Recently, game theory has been studied extensively to investigate the reasons why cooperation evolved in human and animal society, e.g., networks and other spatial structures, heterogeneity in behavior or rationality, and punishments [1–13]. These developments introduce some complexities in game theory itself such that the game becomes more realistic. Instead, in this work, we focus on the nature of decision making in game theory. Note that decision theory and game theory are optimization theories of individual behaviors that have been systematized together. Decision theory is adopted when individuals face environmental uncertainty, whereas game theory applies when the behavior of other individuals is uncertain [14–15]. For these reasons, game theory is a special extension of decision theory.

The core of decision theory is referred to as expected utility theory, which maximizes the expectation value (average or mean) of utility [14, 16]. Based on the above relationship, the axioms of expected utility theory are used as the basic axioms of game theory. In this case, utility is a measure of content (satisfaction) if the given wealth (resource) is consumed. The utility of a given level of wealth is thus highly subjective and individualized; moreover, utility is therefore a dimensionless value without a unit, unlike monetary currencies (dollars and yen) and prison sentences (years). We introduce dynamic utility [17–18], a new concept of utility, in decision theory into game theory. Specifically, we consider half-sharing among doves in the hawk-dove game in terms of dynamic utility.

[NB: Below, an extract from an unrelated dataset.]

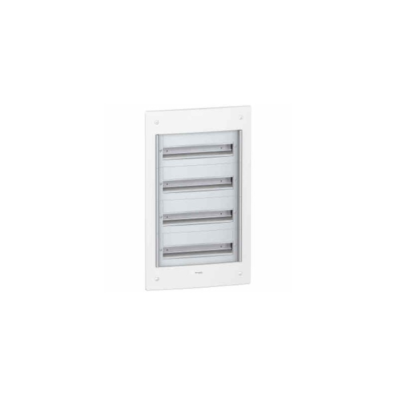 Cuadro empotrable de la gama Pragma con capacidad para 18 módulos distribuidos en 4 filas. Ofrece una instalación segura y ordenada, con diseño robusto y estético para integración en paredes. Ideal para aplicaciones residenciales y terciarias, garantizando accesibilidad, protección y organización en la distribución eléctrica.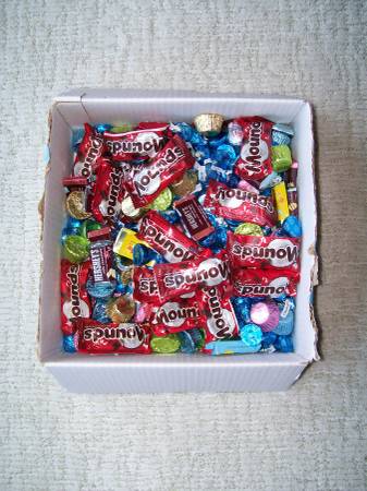 ONE CASE, WEIGHING FIVE POUNDS, OF FRESH {Best by Date 12/31/2025}, ALL "HERSHEY'S" BRAND, ASSORTMENT OF CHCOLATE, FULLY WRAPPED CANDY. INCLUDES: KIT KAT'S / HERSHEY'S BARS / COCONUT MOUNDS / REESE'S PEANUT BUTTER CUPS / HERSHEY'S KISSES. ONLY BEING SOLD, DUE TO HALLOWEEN TRICK AND TREAT DATE, NO LONGER MATCHING MY SCHEDULE. $10.00.

Game theory involves the study of individuals’ behavior in relation to other individuals in a population. The payoff matrix is the set of benefits for players against opponents. Therefore, the elements of the payoff matrix are understood as the values of utility. Thus, the social interpretations of strategies are understood to be based on the utility criterion [16, 19–20]. However, this utility interpretation frequently conflicts with the natural understanding of animal and human behaviors. Meanwhile, some people in economics actually use the amount of money (dollar value) in the payoff matrix because the amount of money (rewards) is not known in the utility criterion [21–30], but we like to know how many dollars we can obtain as a reward for victory. The main interest of game theory is in how people behave in a real-money game. To contrast real-money rewards with the utility criterion, we call the latter the quantitative criterion. Recently, several experimental studies have shown that animals behave according to the quantitative criterion when they are offered rewards after enduring suffering [31–34]. For example, if the same effort is required, animals complain strongly if the same amount of reward is not offered. Hence, animals are said to exhibit a sense of fairness, where fair division is defined as a half share of the resources, e.g., an ultimatum game [31–32, 34]. These observations seem to indicate that the quantitative criterion is more valid than the utility criterion.

Many techniques have thus adopted the quantitative criterion for payoff elements [21–29], leaving two alternatives for interpreting the elements of the payoff matrix in game theory: the utility criterion (dimensionless) and the quantitative criterion (with units, e.g., dollars).

Dynamic programming (DP) involves a numerical algorithm that solves for the optimal choice in sequential decision making. DP underlies the first true dynamic optimization model that was developed solely by Richard Bellman [35]. Later, stochastic control (theory) was developed but found to be mathematically equivalent to DP with additional complexity [21]. DP has been extensively applied to animal decision-making activity in behavioral ecology and has helped yield numerical solutions to various dynamic problems [36]. Despite these great achievements, theoretical understanding of the mechanisms of behavior is not provided by the numerical solutions yielded by DP.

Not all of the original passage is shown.